Lets assume I have this equation: $$\log(e^x+e^{-x})=2x+5,\quad x \in (-50,50).$$
As always we have to pick a starting point to solve this by Newton's method, but how can i know for what initial values this equation will or will not converge?
I think i need to use Matlab here, but I am not good at it...
Also, if I have $\log(e^x+e^{-x})=0.1x+5$, how can i specify the region of convergence for each possible solution?

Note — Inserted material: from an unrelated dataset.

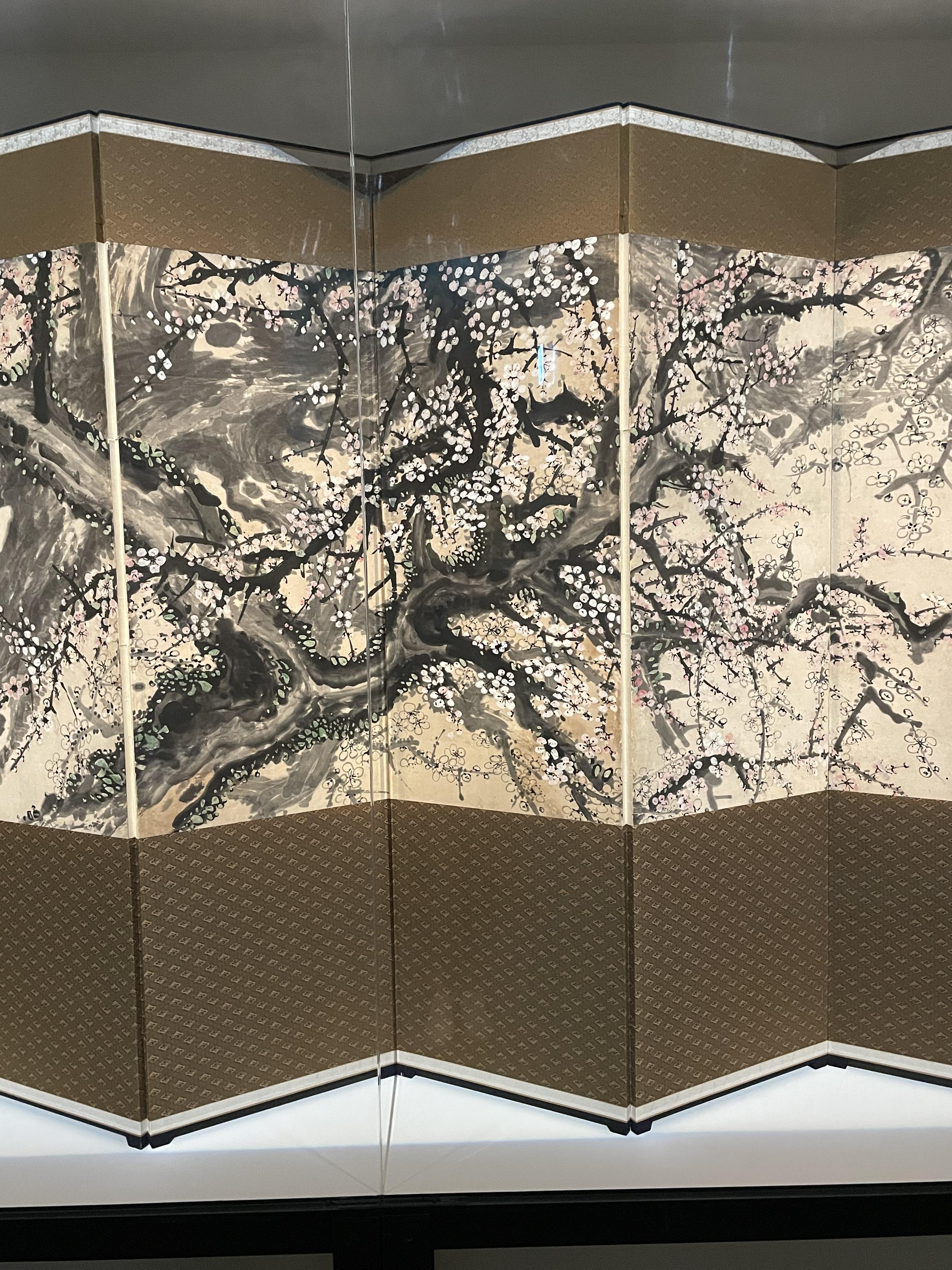 늙은 매화나무 두 그루가 양쪽으로 뻗어 있는 역동적인 모습을 그린 가지의 역동성과 구도가 멋지다. 장승업 특유의 호쾌한 붓놀림과 매화에 대한 디테일한 묘사가 아름다운 병풍이다.
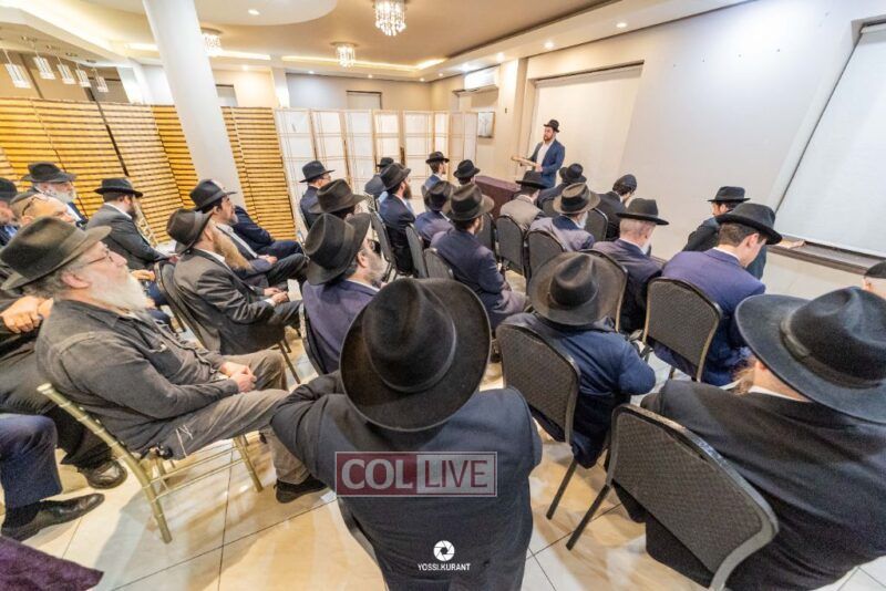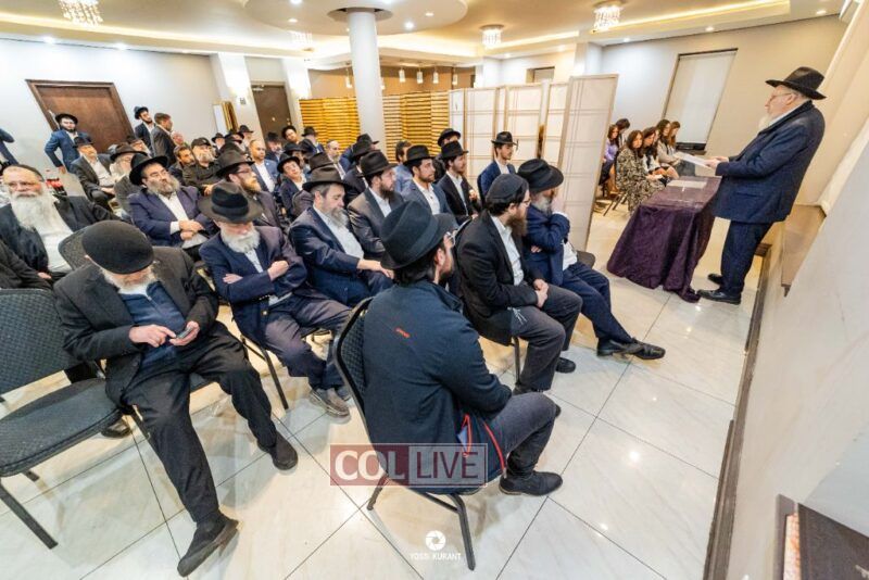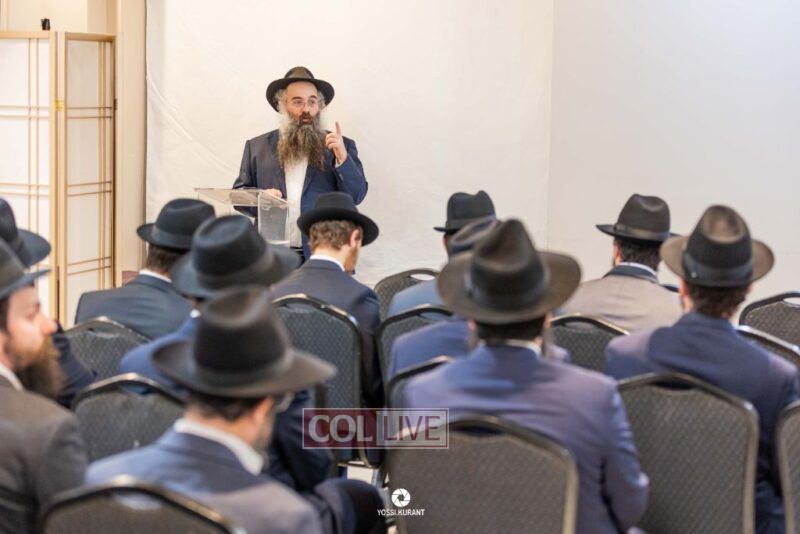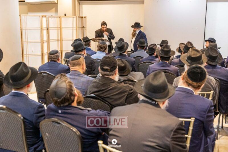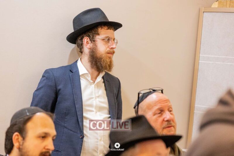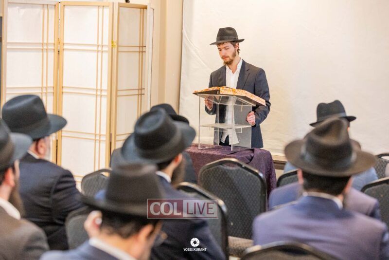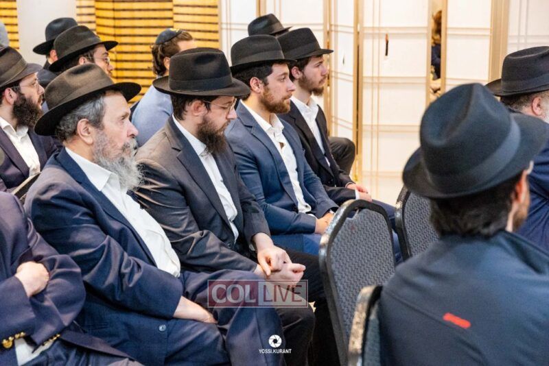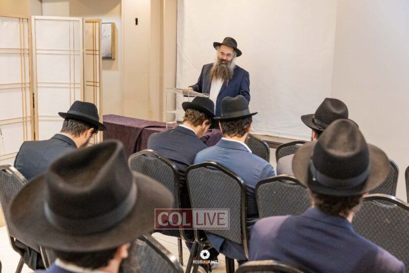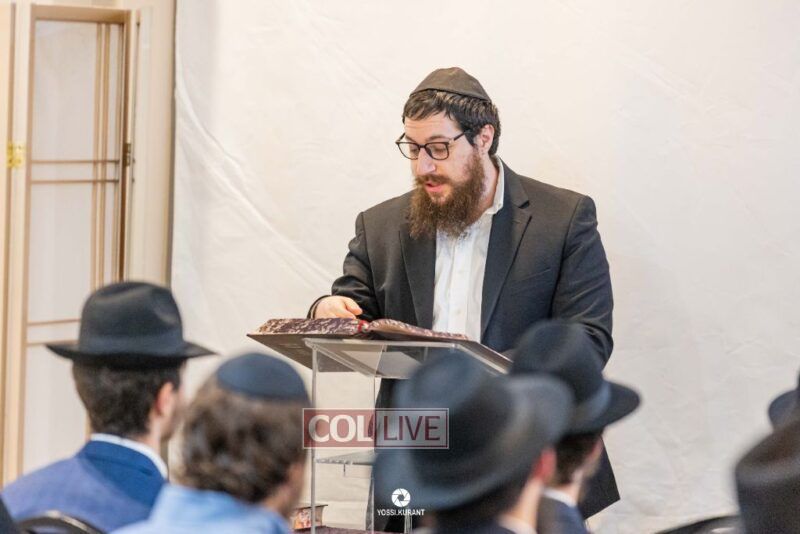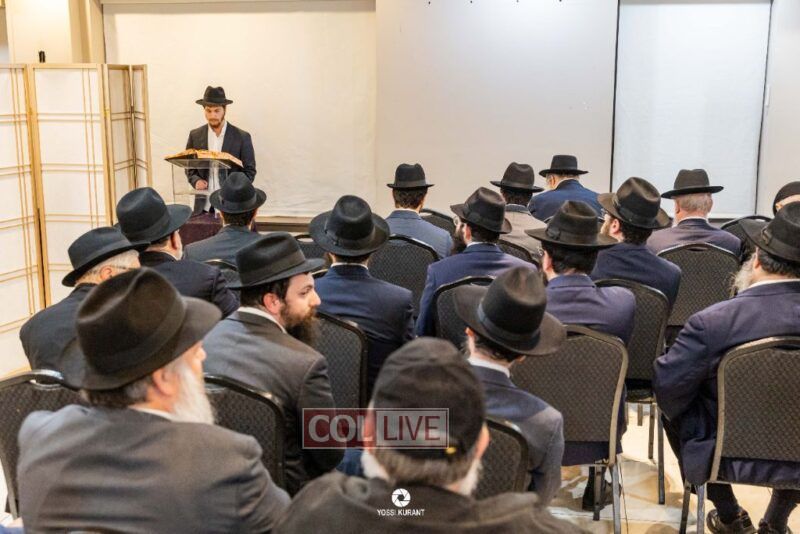 Family, friends, and community members gathered for a memorial event marking the Shloshim of Rabbi Mendy Raitport OBM on Sunday evening in Crown Heights.

At the end, I know that Newton's method has a quadratic convergence, can we show that it is true for our problem cases?
Thanks
We have the function $f(x)=\log(e^x+e^{-x})-(2x+5),\quad x \in (-50,50).$ and it's first derivative $f'(x)$ and to solve using the Newton's method, we use the sequence (for an $x_0$) $$x_{n+1}=x_n-\cfrac{f(x_n)}{f'(x_n)}$$
Look at the function $$g(x)=x-\cfrac{f(x)}{f'(x)}$$ where $$g'(x)=\cfrac{f(x)f''(x)}{(f'(x))^2}$$ and $$g''(x)=\cfrac{[f'(x)f''(x)+f(x)f'''(x)]\cdot(f'(x))^2-2f(x)f'(x)(f''(x))^2}{(f'(x))^4}$$
To have convergence for a point $x_0$ such that $f(x_0) \approx f(r)=0$, $r$ is the root, observe that $g'(x_0) \approx 0$ so we can't set a condition there but with at the second derivative of $g(x)$ we have $$g''(x_0)=\cfrac{f''(x_0)}{f'(x_0)}$$ Observe that $g''(x_0)$ has no prioritized reason to be zero, so the condition stated above is necessary but not always sufficient to have a quadratic convergence.
EDIT The most optimal way to guess a good $x_0$ is to use the Intermediate Value Theorem.